Apart from the pictures, write out the records that follow exactly.

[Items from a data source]

===

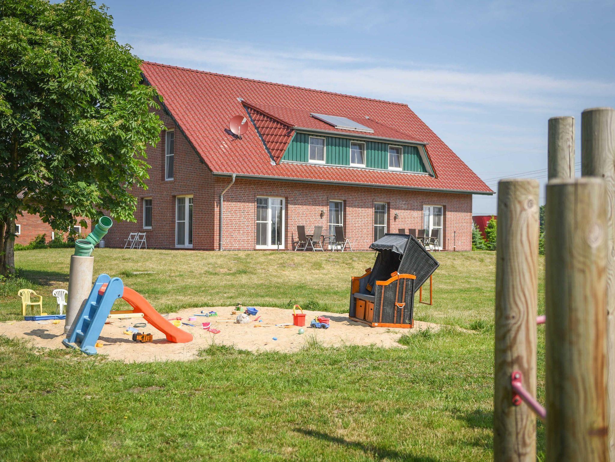 Auf unserem großzügigen Hofgelände gibt es verschiedene Sitzgelegenheiten, eine Grillhütte sowie eine Feuerstelle, verschiedene Spiel- und Fahrgeräte für Kinder und einen Spielboden.
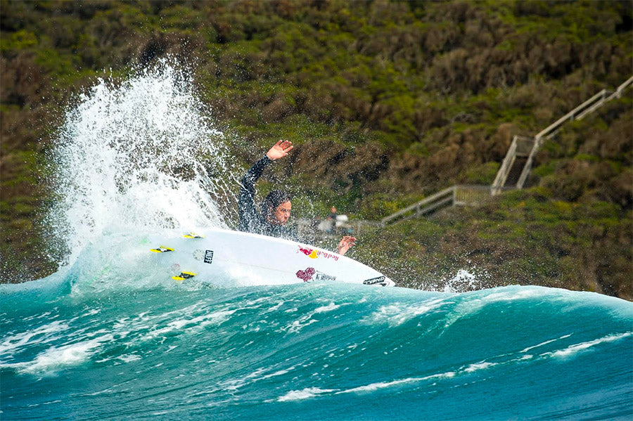 Futures' proprietary performance rating system, Ride Number, is making its way into the hearts of our team riders on the World Tour. Jordy Smith applied the concepts to suit his need and take home a runner-up finish at the Rip Curl Pro last weekend at Bells Beach. The Ride Number scale categorizes the feel of individual fin sets and places them into three main categories; Speed Generating, Balanced or Speed Control based on the construction of the set, with each set having its own unique performance number. The performance numbers are consistent along the Ride Number scale within Futures' variety of fin constructions, creating a different performance and feeling for each construction.
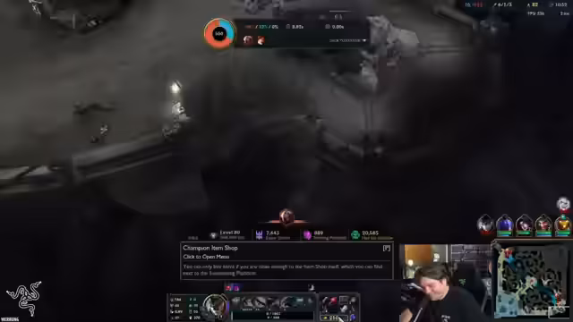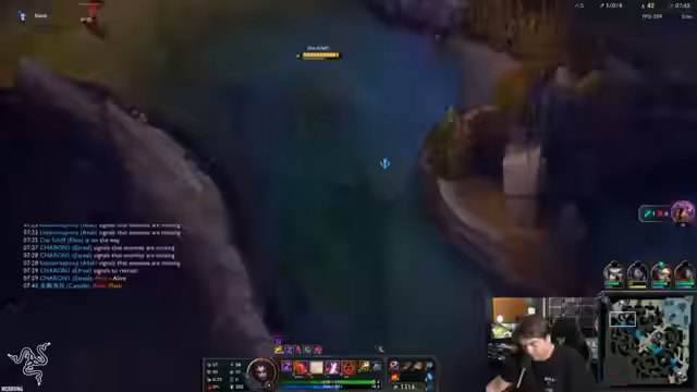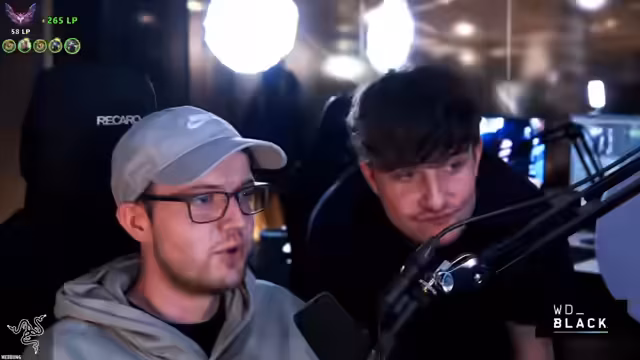 07:57:48Die Aufmerksamkeit kehrt zum aktuellen Spiel zurück. Der Streamer ist als Support in einem hochrangigen Ranked-Spiel und diskutiert mit seinem Team über Picks, Items und strategische Züge. Insbesondere wird die Wirksamkeit von Mercs gegen ein volles AP- und-CC-Team thematisiert. Das Team entscheidet sich, entgegen den Empfehlungen, keine Mercs zu kaufen, was der Streamer als "fucking fraudulent" und "reportable" bezeichnet, da es die Effektivität gegen die gegnerische Eve stark reduziert.
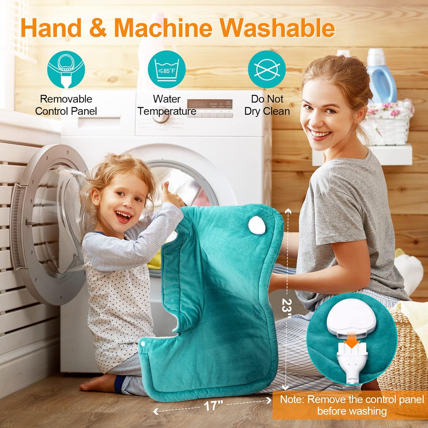 The controller is easy to operate, fast heating to 6 different levels to suit your different needs and quickly provides soothing temporary relief to sore muscles. 4 timer options allow you to take a nap without worrying about overheating and scalding.
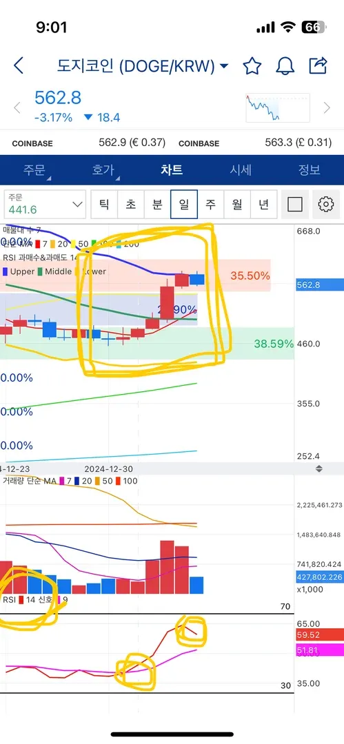 제가 매매에 참고하였던 건 저항과 지지, 볼린저밴드 RSI 입니다
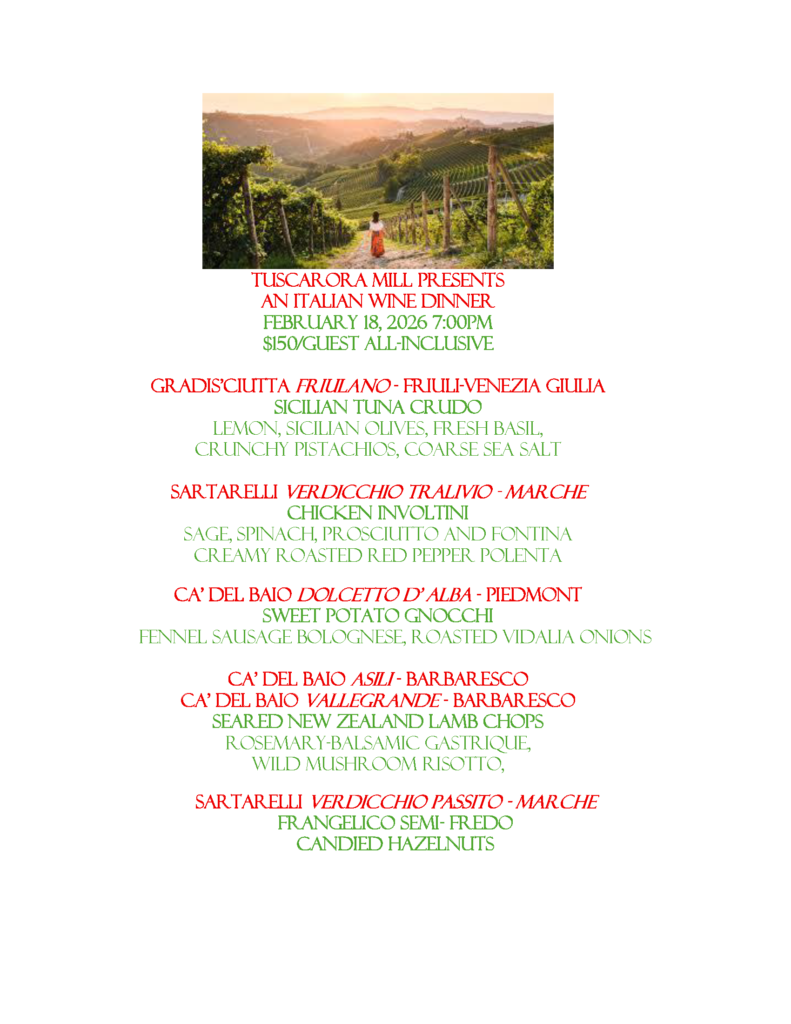 Join Tuscarora Mill for an elegant Italian Wine Dinner on February 18, 2026 at 7:00 PM, a thoughtfully curated, multi-course evening celebrating Italy’s diverse regions and classic pairings. The journey begins in Friuli with Gradis’ciutta Friulano alongside pristine Sicilian tuna crudo, moves through Marche with Sartarelli Verdicchio Tralivio paired to chicken involtini and roasted red pepper polenta, and continues to Piedmont with Ca’ Del Baio Dolcetto d’Alba and sweet potato gnocchi in fennel sausage bolognese.
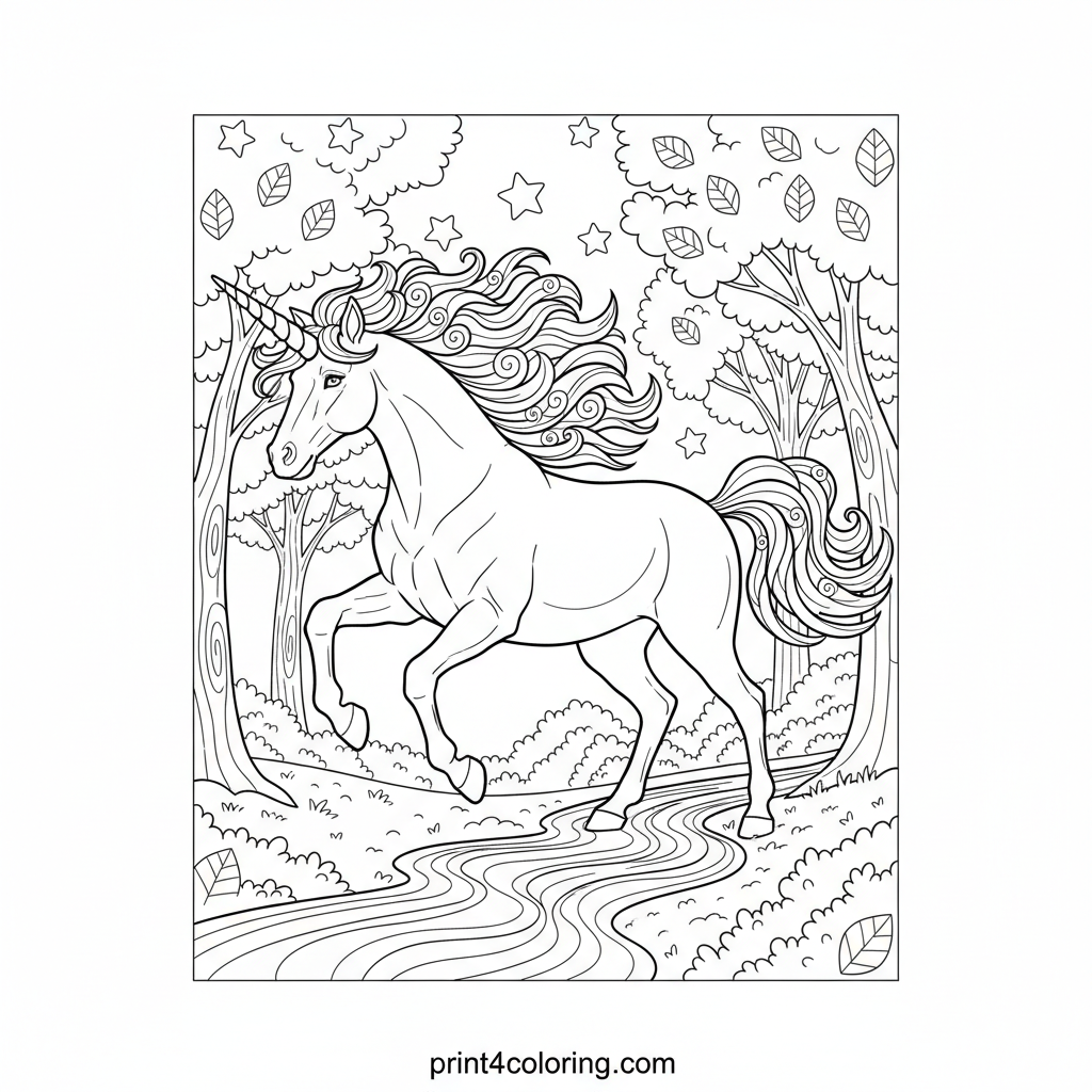 Imagine the magic! A majestic unicorn soars through a mystical starlit forest, its flowing mane and tail catching the light as it leaps over a shimmering magical stream. This enchanting scene is perfect for children ages 8-12 who love fantasy and mythical creatures. Bring this powerful unicorn to life with your most vibrant colors!

===

### ANSWER BOX
 Auf unserem großzügigen Hofgelände gibt es verschiedene Sitzgelegenheiten, eine Grillhütte sowie eine Feuerstelle, verschiedene Spiel- und Fahrgeräte für Kinder und einen Spielboden.
 Futures' proprietary performance rating system, Ride Number, is making its way into the hearts of our team riders on the World Tour. Jordy Smith applied the concepts to suit his need and take home a runner-up finish at the Rip Curl Pro last weekend at Bells Beach. The Ride Number scale categorizes the feel of individual fin sets and places them into three main categories; Speed Generating, Balanced or Speed Control based on the construction of the set, with each set having its own unique performance number. The performance numbers are consistent along the Ride Number scale within Futures' variety of fin constructions, creating a different performance and feeling for each construction.
 07:57:48Die Aufmerksamkeit kehrt zum aktuellen Spiel zurück. Der Streamer ist als Support in einem hochrangigen Ranked-Spiel und diskutiert mit seinem Team über Picks, Items und strategische Züge. Insbesondere wird die Wirksamkeit von Mercs gegen ein volles AP- und-CC-Team thematisiert. Das Team entscheidet sich, entgegen den Empfehlungen, keine Mercs zu kaufen, was der Streamer als "fucking fraudulent" und "reportable" bezeichnet, da es die Effektivität gegen die gegnerische Eve stark reduziert.
 The controller is easy to operate, fast heating to 6 different levels to suit your different needs and quickly provides soothing temporary relief to sore muscles. 4 timer options allow you to take a nap without worrying about overheating and scalding.
 제가 매매에 참고하였던 건 저항과 지지, 볼린저밴드 RSI 입니다
 Join Tuscarora Mill for an elegant Italian Wine Dinner on February 18, 2026 at 7:00 PM, a thoughtfully curated, multi-course evening celebrating Italy’s diverse regions and classic pairings. The journey begins in Friuli with Gradis’ciutta Friulano alongside pristine Sicilian tuna crudo, moves through Marche with Sartarelli Verdicchio Tralivio paired to chicken involtini and roasted red pepper polenta, and continues to Piedmont with Ca’ Del Baio Dolcetto d’Alba and sweet potato gnocchi in fennel sausage bolognese.
 Imagine the magic! A majestic unicorn soars through a mystical starlit forest, its flowing mane and tail catching the light as it leaps over a shimmering magical stream. This enchanting scene is perfect for children ages 8-12 who love fantasy and mythical creatures. Bring this powerful unicorn to life with your most vibrant colors!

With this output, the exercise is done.